I sit up on my bed, Hyperventilating. 

"Breathe, it's just a flashback." I repeated the phrase I must have uttered thousands of times since it was taught to me. I wiped the sweat on my forehead with the back of my hand, closing my eyes again at the eerie sensation. 

I felt pepper grab my back as I heard her say, "You good?" to which I just nodded before squeezing the hand back on my shoulder and saying, "The Usual." Before I stood up, she went back to sleep. She had tried to comfort me the first few times, but unlike me she didn't have a lifetime of next to no sleep.

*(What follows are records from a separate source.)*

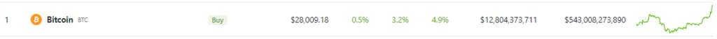 BTC responded positively to the information of the improve. On the time of writing, BTC is exchanging fingers at $28,009, up 3.2% within the final 24 hours, in accordance with knowledge from cryptocurrency market tracker Coingecko. The crypto has been on the uptrend by practically 5% within the final seven days.
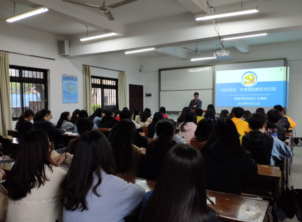 学院党总支书记许惠铭讲党课 同时,许惠铭以“对标争先中党员的责任与行动”为主题,为全体师生党员上了一堂内涵丰富而又深刻生动的党课。此次党课重点围绕以下四个方面的内容展开:一、什么是“对标争先”;二、什么是“十百千万”工程;三、“对标争先”对党支部建设的要求;四、“对标争先”中党员的责任与行动。
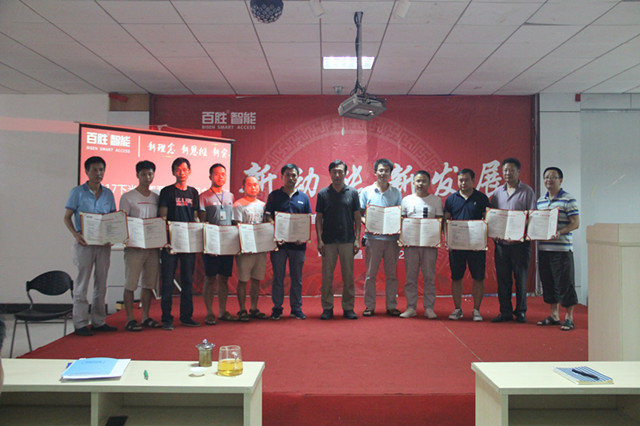 會(huì)議對(duì)上半年完結(jié)并成功上市的優(yōu)秀項(xiàng)目負(fù)責(zé)人進(jìn)行了公開表彰。劉董親自向”36V直流無刷伸縮門機(jī)、超級(jí)道閘門、人行通道廣告門“三個(gè)項(xiàng)目主要負(fù)責(zé)人頒發(fā)榮譽(yù)證書及獎(jiǎng)金。
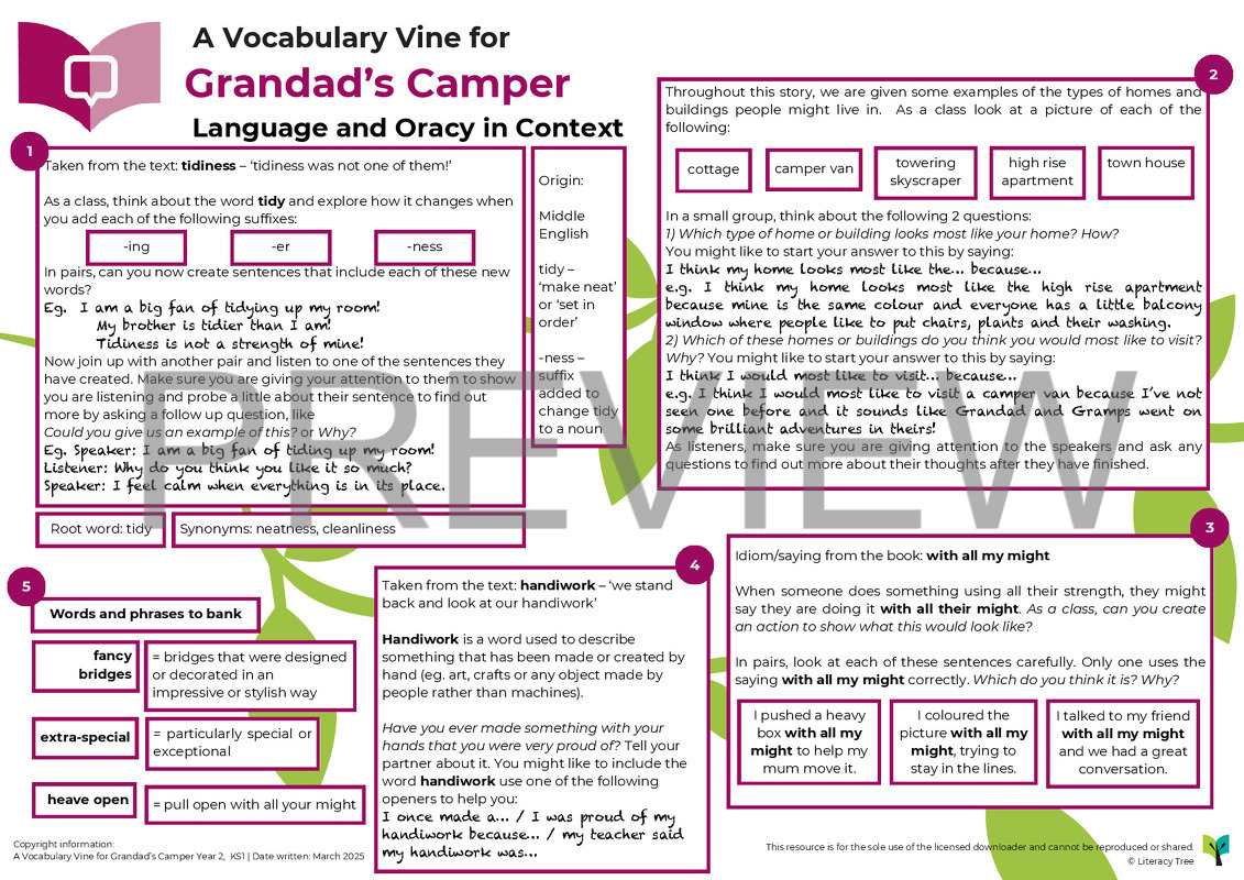 A Vocabulary Vine is designed to be a sister resource to a Writing Root and Spelling Seed. It sits within our wider Teach Through a Text approach by explicitly identifying vocabulary from the book and providing additional opportunities for paired, small group and whole class experimentation with this vocabulary in context. Vocabulary Vines further complement spelling development too through exploration of the morphology (word structure) and etymology (origins) of words. They also provide oracy opportunities through a focus on talk tasks and on oral sentence construction. They are designed for short burst oral and vocabulary development.
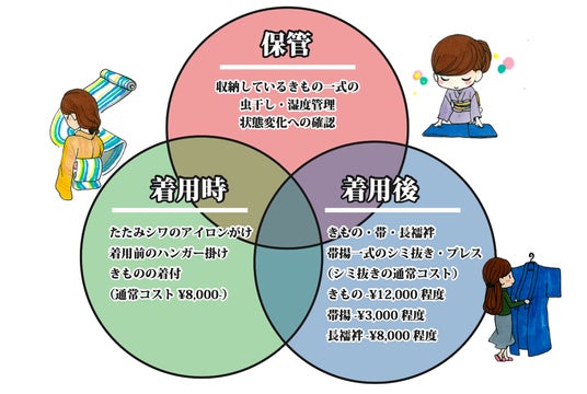 いつでもきものを着用出来る適切な湿度による保管と定期的な虫干し、さらに着用前のたたみシワ伸ばしのアイロン掛け・着物の着付と着用後のしみぬきを提供し、ストレスフリーなきものライフを提供します。着用機会のある方はもちろんですが、想いで深い逸品を大切にしたい方、きものは着たいけどお手入れが面倒とお感じの方に新設した独自のサービスです。

 I made myself a cup of tea and went down to the workshop. As I entered i said, "Jarvis, show me a news highlight from last night, i messed it."

"One Moment." he responded as the workshop came to life. I then brought up the schematics to my prototype chip and began doing the one thing that allowed me to have a clear mind. 

Tinkering.

As I was trying to figure out how to solve the quantum tunnelling problem that I was stumped on, the news in the background played.

"Earlier today, Entrepreneur and Scientist, Dr. Aldritch Killian was Arrested earlier today, for embezzlement and fraud. This arrest follows over forty thousand arrests made from leaks made on the forum site 4-chan."

I smiled at that. It has been funny so far. None of what Jarvis had leaked was admissible in court, but it gave enough justification for search warrants. 

I had even taken down several corrupt politicians in America and Europe. It wasn't much but. The main amount of arrests had been from things like the dark net, like child pornography and other crimes which made my skin crawl. 

As I continued tinkering, I also thought about what's next.

The Haiti Earthquake had happened a few months ago, and the country was still grasping at straws. My direct aid, combined with the tankers providing clean water and energy had helped the reconstruction, and the death toll had been reduced by over a hundred thousand or so.

Still, all those lives weighed on me, could I have done more. What if I had warned everyone that the earthquake was coming. It was at a time like this that I remembered a quote from machiavelli. 

"It must be remembered that there is nothing more difficult to plan, more doubtful of success, nor more dangerous to manage than a new system. For the initiator has the enmity of all who would profit by the preservation of the old institution and merely lukewarm defenders in those who gain by the new one. "

 I would need to take my time. Otherwise this could all blow up in my face. Besides, I had already started.